— What to do —
Retype, exactly as they appear below, the lines between the line holding "BARON kobberpostkasse håndlavet" and the line holding "HGD 20 Inch", both ends included.

— Records for this task —
◆ ◆ ◆ ◆

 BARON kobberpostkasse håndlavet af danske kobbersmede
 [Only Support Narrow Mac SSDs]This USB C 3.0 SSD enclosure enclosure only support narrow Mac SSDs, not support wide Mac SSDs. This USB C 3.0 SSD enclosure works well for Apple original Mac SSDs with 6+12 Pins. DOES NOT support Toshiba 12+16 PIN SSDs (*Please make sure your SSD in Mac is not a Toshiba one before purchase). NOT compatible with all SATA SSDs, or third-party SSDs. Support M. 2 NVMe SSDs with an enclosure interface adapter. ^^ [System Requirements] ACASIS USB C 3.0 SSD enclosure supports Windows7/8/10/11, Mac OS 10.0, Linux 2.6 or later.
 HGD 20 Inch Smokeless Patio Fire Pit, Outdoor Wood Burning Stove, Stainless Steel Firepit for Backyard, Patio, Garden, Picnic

◆ ◆ ◆ ◆

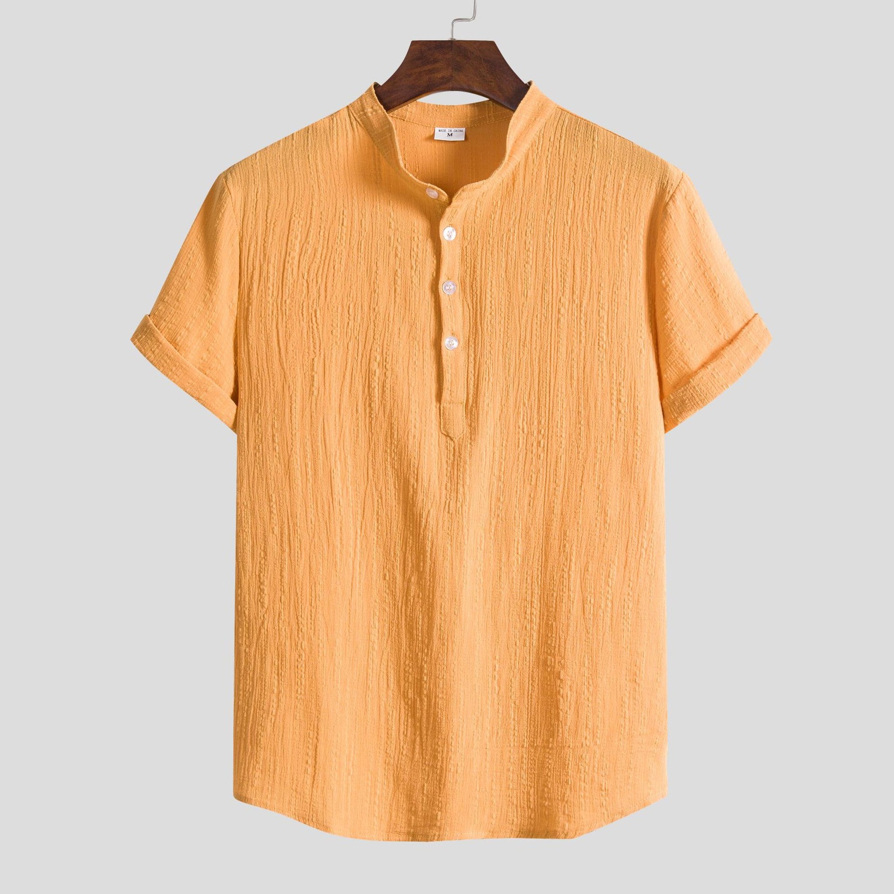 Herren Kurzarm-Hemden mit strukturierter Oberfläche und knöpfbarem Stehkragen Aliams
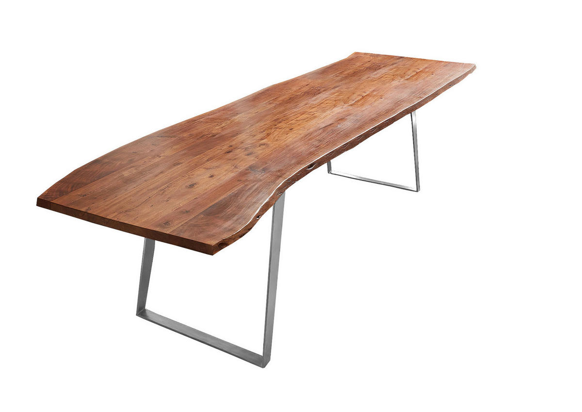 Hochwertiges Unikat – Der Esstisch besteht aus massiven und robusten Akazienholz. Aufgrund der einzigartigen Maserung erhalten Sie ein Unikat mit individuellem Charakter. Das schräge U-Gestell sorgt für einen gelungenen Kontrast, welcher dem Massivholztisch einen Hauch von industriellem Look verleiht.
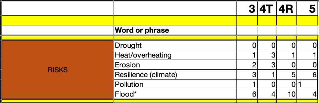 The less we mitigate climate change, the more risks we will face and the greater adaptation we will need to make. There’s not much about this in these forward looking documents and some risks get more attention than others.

◆ ◆ ◆ ◆

— Solution to the exercise —
 BARON kobberpostkasse håndlavet af danske kobbersmede
 [Only Support Narrow Mac SSDs]This USB C 3.0 SSD enclosure enclosure only support narrow Mac SSDs, not support wide Mac SSDs. This USB C 3.0 SSD enclosure works well for Apple original Mac SSDs with 6+12 Pins. DOES NOT support Toshiba 12+16 PIN SSDs (*Please make sure your SSD in Mac is not a Toshiba one before purchase). NOT compatible with all SATA SSDs, or third-party SSDs. Support M. 2 NVMe SSDs with an enclosure interface adapter. ^^ [System Requirements] ACASIS USB C 3.0 SSD enclosure supports Windows7/8/10/11, Mac OS 10.0, Linux 2.6 or later.
 HGD 20 Inch Smokeless Patio Fire Pit, Outdoor Wood Burning Stove, Stainless Steel Firepit for Backyard, Patio, Garden, Picnic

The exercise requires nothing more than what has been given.